Obviously, this has a clear impact on traditional ETL processes which provide a fixed set of views. With smart data assistant and automated data modeling going mainstream in 2018, there will be sufficient arguments for embracing a No-ETL approach which supports structured as well as unstructured data. More details on this approach.
Event-Driven Data Flow Architecture
More and more organizations are jumping on the bandwagon of event-driven architecture with the view that it can provide actionable insights in real-time. To implement event-driven architecture, organizations are now thinking of events as first-class citizens and data integration in terms of event data flows rather than data that is just processed and landed in a database. To achieve this, organizations are utilizing distributed messaging system such as Apache Kafka. On top, they are implementing concepts such events, topics, event producers, and event consumers. Producer applications publish events to one or more topics which are then processed by consumer applications. This leads us to a data flow pattern where data is read from a given topic stream, transformed, and written back to another topic stream.
A key aspect of event-driven data flow architecture is support for microservices architecture, and, more specifically, database per service patterns. Most organizations struggle with monolithic application architecture and microservices are enabling organizations to break these monoliths into manageable chunks or components.
Leveraging the Recent Hardware Advances
Vendors are already working to apply recent hardware advances such as graphics processing units (GPU), Tensor processing unit (TPU), and Single instruction multiple data (SIMD) to create data warehouse solutions which will be up to 100X faster than a traditional data warehouse.

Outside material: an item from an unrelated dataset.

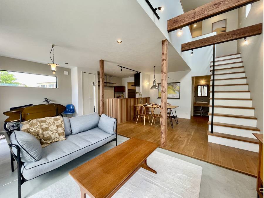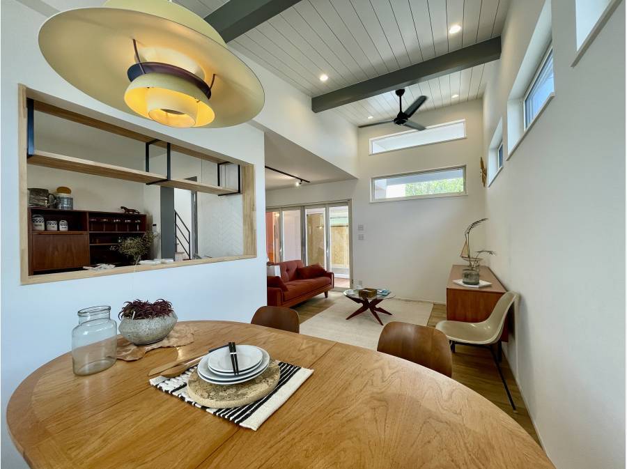 ミッドセンチュリーの落ち着きと現代的な洗練が溶け合った、上質なリビングを演出します。

GPUs and TPUs are particularly interesting due to current machine learning trends. Recent research from Google demonstrated that a neural network-based learned index can outperform the cache-optimized B-Tree index by up to 70% in speed while saving an order-of-magnitude in memory. These learned indexes can immediately replace index structures currently used by data warehouses. At least a 10X performance boost is anticipated if learned indexes are used with GPUs/TPUs.
On top of that, SIMD instructions such as FAST can exploit modern processor architectures that achieve 6X performance improvement over traditional data warehouse indexes. SIMD instructions are already utilized by Apache Arrow - mentioned in the previous section - for native vectorized optimization of analytical data processing.